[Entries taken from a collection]
____________________

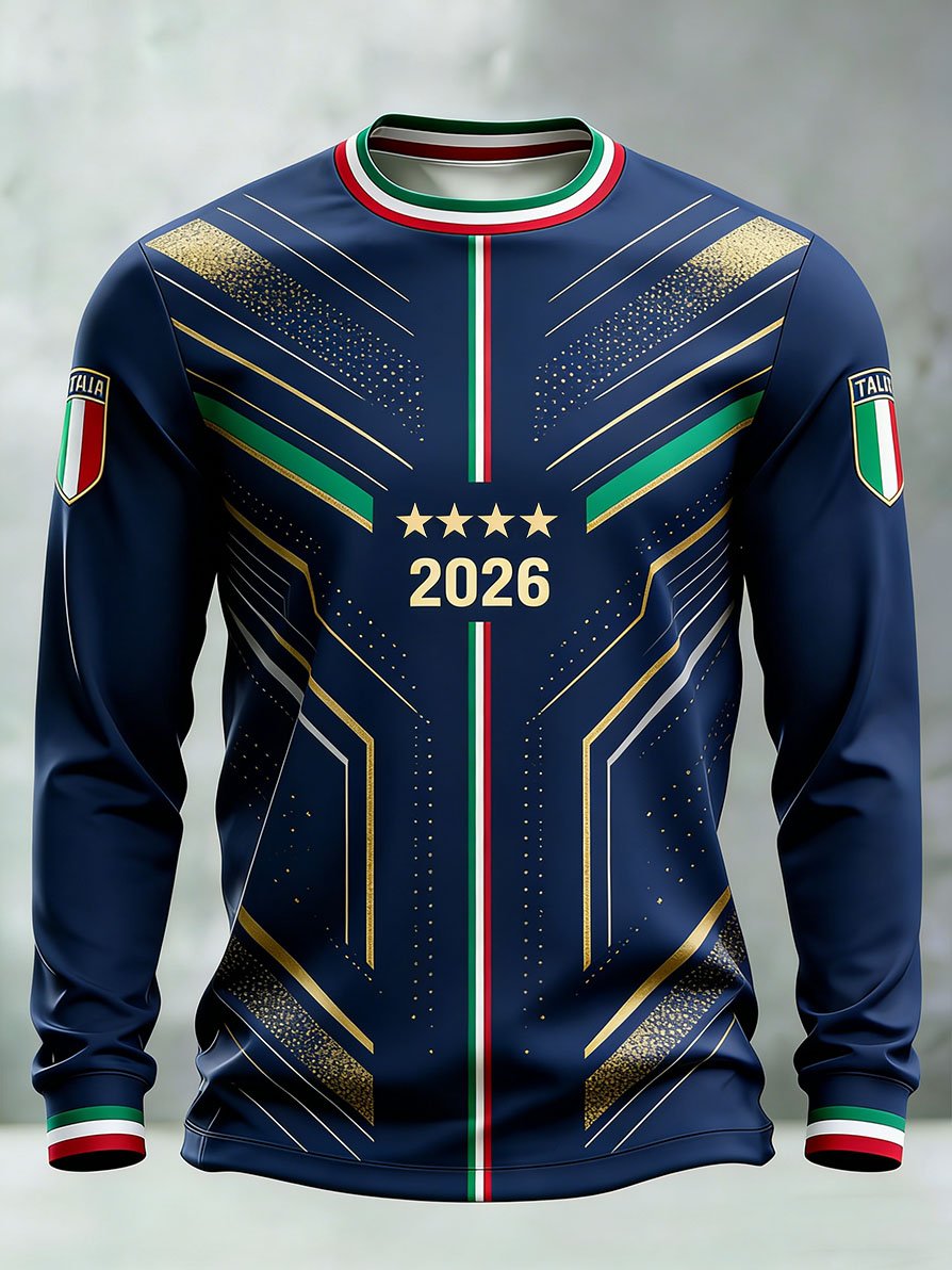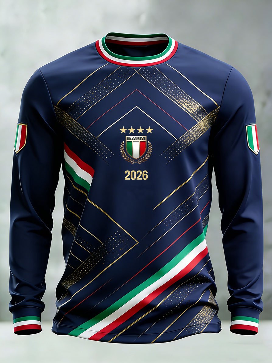 Men's Fashion Italian Football Team Fan Print Crew Neck Long-Sleeve T-Shirt$24.99 USD$79.99 USD
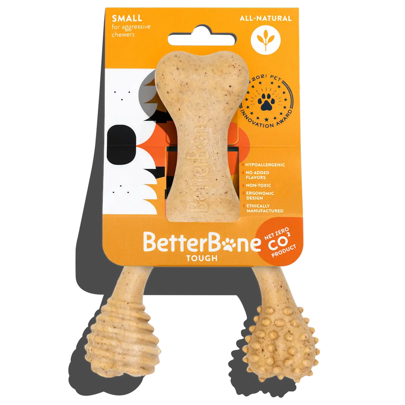 Crafted from all-natural, food-grade ingredients, it is designed to promote health and dental hygiene with its super durable natural, food-grade, GMO-free ingredients. Our unique teeth-cleaning ends reach tricky hard-to-clean areas. Pair this with our natural, non-toxic, hypoallergenic, and splinter-resistant composition; BetterBone TOUGH is the perfect chew toy for the strong and aggressive chewer in your life—the perfect replacement for nylon, or antlers.
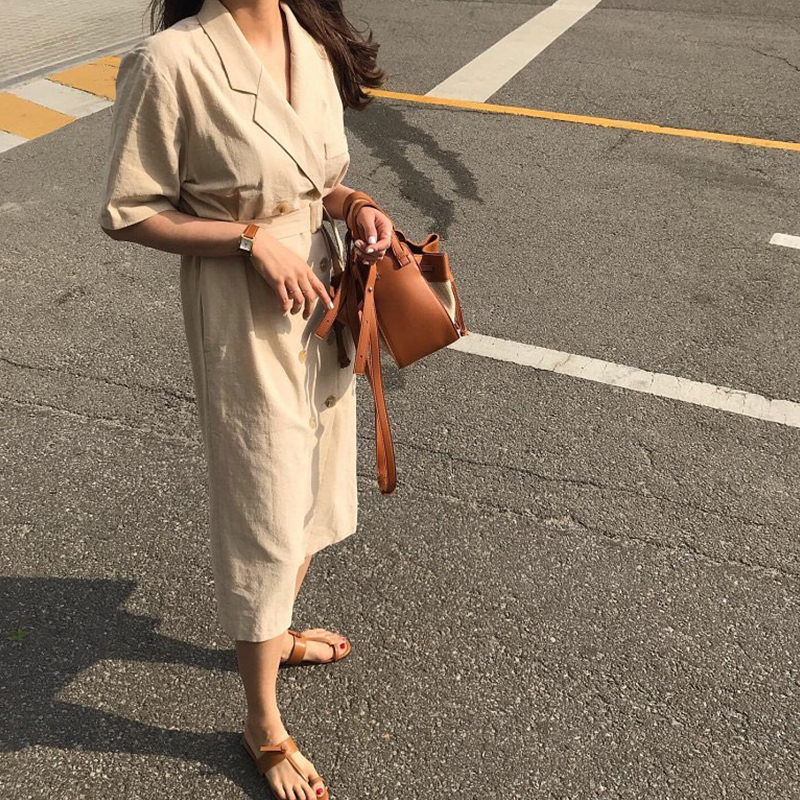 2023 summer French style retro tenor linen suit with dress Korean light ripened lace small crowdsourced short sleeve long dress
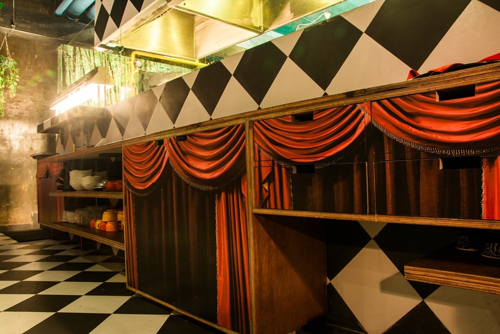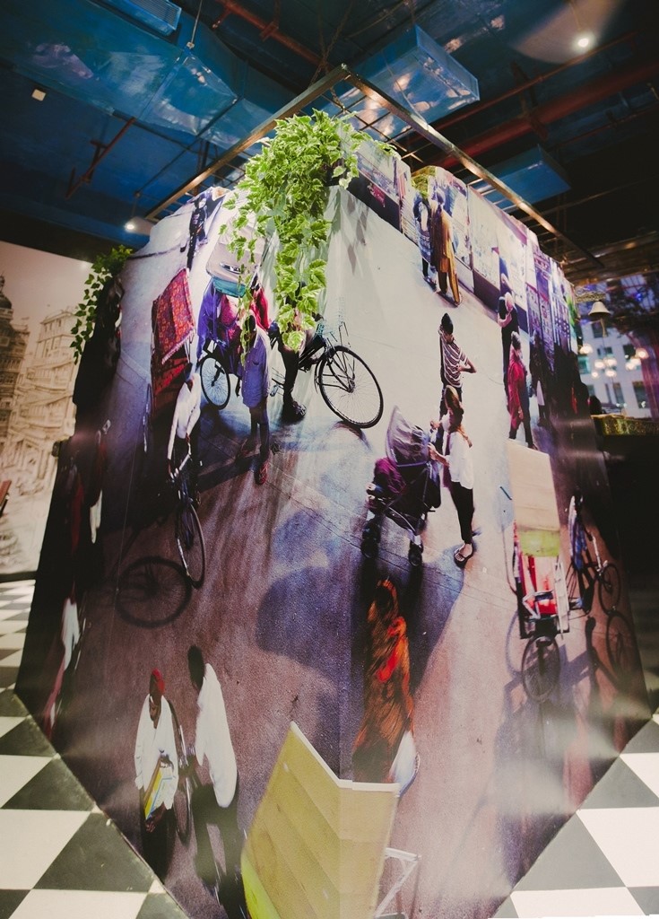 A speciality Indian restaurant. This restaurant is seen from the eyes of an Indian living elsewhere and is capsized as nostalgia. Sitting in a very different environment the images flash through the eyes. Hence a very industrial atmosphere with multiple images of India every in form of mannequins and graphics.
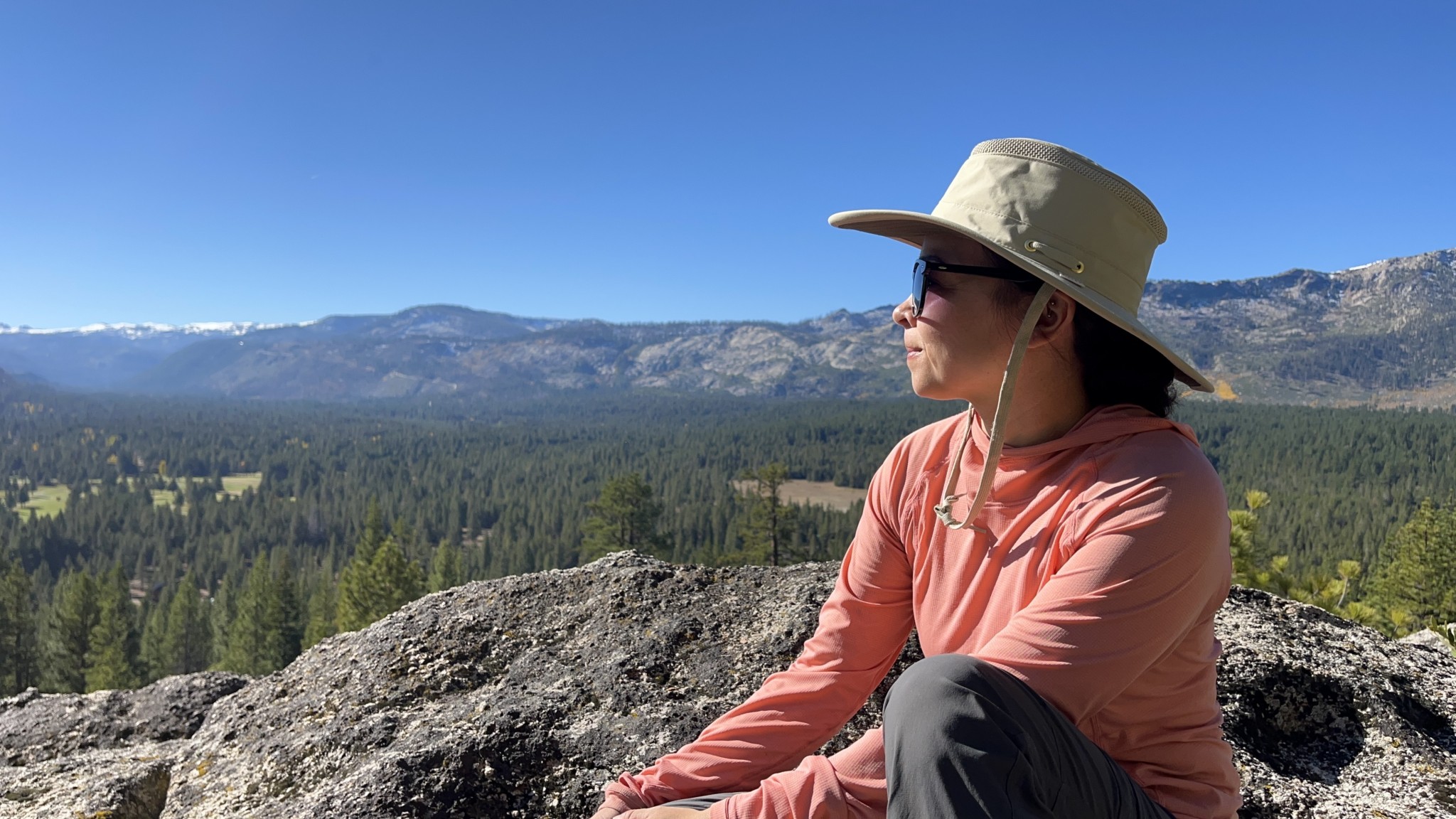 The Tilley underwhelms in sun protection. While the brim provides ample coverage in the front, the sides are short, leaving much of the cheek and neck exposed. As the sun gets lower, the flat brim becomes less effective.

____________________

> Exercise details
Please give back the data above word for word, with no pictures included.

> Exercise output
 Men's Fashion Italian Football Team Fan Print Crew Neck Long-Sleeve T-Shirt$24.99 USD$79.99 USD
 Crafted from all-natural, food-grade ingredients, it is designed to promote health and dental hygiene with its super durable natural, food-grade, GMO-free ingredients. Our unique teeth-cleaning ends reach tricky hard-to-clean areas. Pair this with our natural, non-toxic, hypoallergenic, and splinter-resistant composition; BetterBone TOUGH is the perfect chew toy for the strong and aggressive chewer in your life—the perfect replacement for nylon, or antlers.
 2023 summer French style retro tenor linen suit with dress Korean light ripened lace small crowdsourced short sleeve long dress
 A speciality Indian restaurant. This restaurant is seen from the eyes of an Indian living elsewhere and is capsized as nostalgia. Sitting in a very different environment the images flash through the eyes. Hence a very industrial atmosphere with multiple images of India every in form of mannequins and graphics.
 The Tilley underwhelms in sun protection. While the brim provides ample coverage in the front, the sides are short, leaving much of the cheek and neck exposed. As the sun gets lower, the flat brim becomes less effective.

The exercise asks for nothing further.